Кириан открыл рот, хватая воздух, подавился, закашлялся, исступленно тараща глаза – и только после этого запруженный поток возмущения прорвало:
- Жаль?! Жаль?! И это всё, что ты можешь сказать?!
Кошха задумалась.
- Нет. Еще я могу сказать, что герб у тебя получился оригинальный. Очень хорошо будет смотреться на памятнике.
- Кому памятнике? – тупо моргнул миннезингер.
- Не «кому», а «на чьем». Впрочем, все там будем, - Кробх Дерг философски вздохнула и пошевелила кончиком хвоста.
- Но так… так… так… - он замер в поисках подходящего слова, нашел его и обвиняюще бросил его в морду собеседнице: - Так нечестно!
- Как? – уточнила кошха.
- Вот так!!! Я жил-поживал менестрелем при дворе его величества, в меру знаменитым, в меру хорошо оплачиваемым, в меру упитанным, много ел, еще больше пил, страдал от влюбленности, и вдруг появляешься ты – и всё переворачивается с ног на голову! Вместо того чтобы мучиться от неразделенной любви и писать баллады – то есть делать то, что я больше всего люблю и умею – я живу какой-то чужой жизнью! Я бросаю с мостов рыцарей, дерусь с их слугами, прыгаю из окон, дерусь с рыцарями, решаю, сколько центнеров озимой свеклы с гектара заливных лугов мы соберем через год, и стоит ли менять трех призовых свиноматок на молотильно-доильный агрегат – если бы еще знать, что это такое!!! Я стал непонятно кем!!! Я ненавижу этот дурацкий герб, этот дебильный девиз и тех, кто их придумал!!! Я не хочу ни с кем сражаться!!! Я хочу сидеть на подоконнике, смотреть на крыши и писать стихи!!! Я не узнаю себя и не могу предугадать, что мне придется делать в следующие пять минут!!! А это всё из-за тебя!!! И что дама моего сердца оказывается алчной неблагодарной куницей – я не удивлюсь, если и это ты подстроила!!! А ведь я мог бы ее действительно полюбить… наверное... со временем!..
- Твоего сердца?! – кошха вскочила, выгибая спину, зеленые искры брызнули с ее усов и бровей, а обшивка канапе жалобно затрещала под выпущенными когтями. – У тебя нет сердца, бард Кириан! Только желудок, пальцы и язык – ну и, может быть, еще несколько утилитарных приложений! Ты можешь только пить, петь и жаловаться! Ты не умеешь любить! Ты не узнаешь любовь, если даже столкнешься с ней лицом к лицу среди бела дня! Ты мучаешься не от любви какой бы то ни было, а от комплекса неполноценности, замешанного на старых обидах и новых самообманах, и пока ты не оставишь их там, где им место – на чердаке прошлого, ты не будешь счастлив, даже если все женщины и блага мира обрушатся тебе на голову!
Кошха успокоилась так же внезапно, как вспылила, и спрыгнула на пол. Искры пропали, шерсть улеглась, а голос снова стал тихим и чуть равнодушным.
- Ты получил, что хотел, бард Кириан. Свинильда выходит за тебя замуж. Ты счастлив?
- Да!!! – назло то ли Кробх Дерг, то ли самому себе яростно выкрикнул менестрель.
- Вот и хорошо.

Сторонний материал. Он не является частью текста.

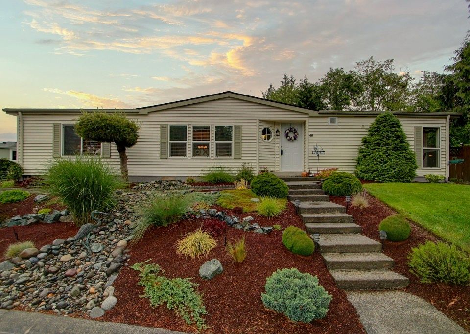 Enjoy 55+ living in a beautifully updated home in Little Mountain Estates, with views of Little Mountain. Creek & mature trees with two tiered new decks in backyard. Easy care vinyl siding, new closed in garage with lots of storage. Updated open concept kitchen. Master suite with updates to bathroom, walk in closest & 2 more bedrooms & bath. New carpet throughout home. Large laundry room. Many community features, gated entrance, large clubhouse, heated pool, RV parking, & much more.

Прощай.
- Но!.. Но… но ты… я… - потрясенный, оглушенный, раздавленный неожиданным поворотом, преодолевая боль в растревоженных душе и теле, Кириан рванулся к гостье – но та пропала, словно была всего лишь очередным наваждением последних дней – как это ненужное рыцарство, дурацкий замок, нелепая женитьба…

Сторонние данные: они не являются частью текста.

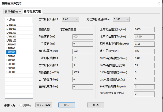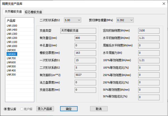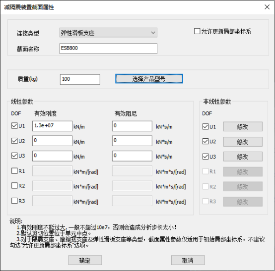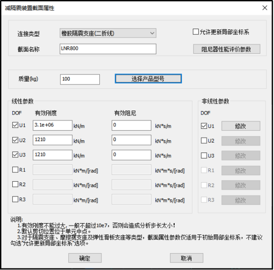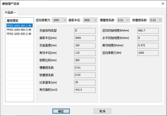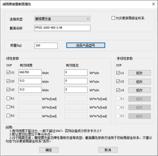 用户可以从程序自带的摩擦摆支座产品库(图11)中选择合适的型号进行建模。线性参数中包括U1、U2、U3三个方向的有效刚度和有效阻尼(图12)。线性参数用于竖向加载分析和模态分析,因而有效阻尼可以不输入。

И тут он понял, чего ему в последние дни не хватало.
Себя.
Этот человек, прыгающий из окон, разбрасывающий противников направо и налево, скачущий в доспехах на коне, решающий проблемы заводнения болот и зарыбления полей, раскидывающий существующие и несуществующие деньги на капризы нелюбимой женщины, был не он. Он не знал этого человека и, по правде говоря, не хотел знать. Настоящий он остался там, в маленькой квартирке на самой вершине холма, сидеть на подоконнике, смотреть на крыши и писать стихи.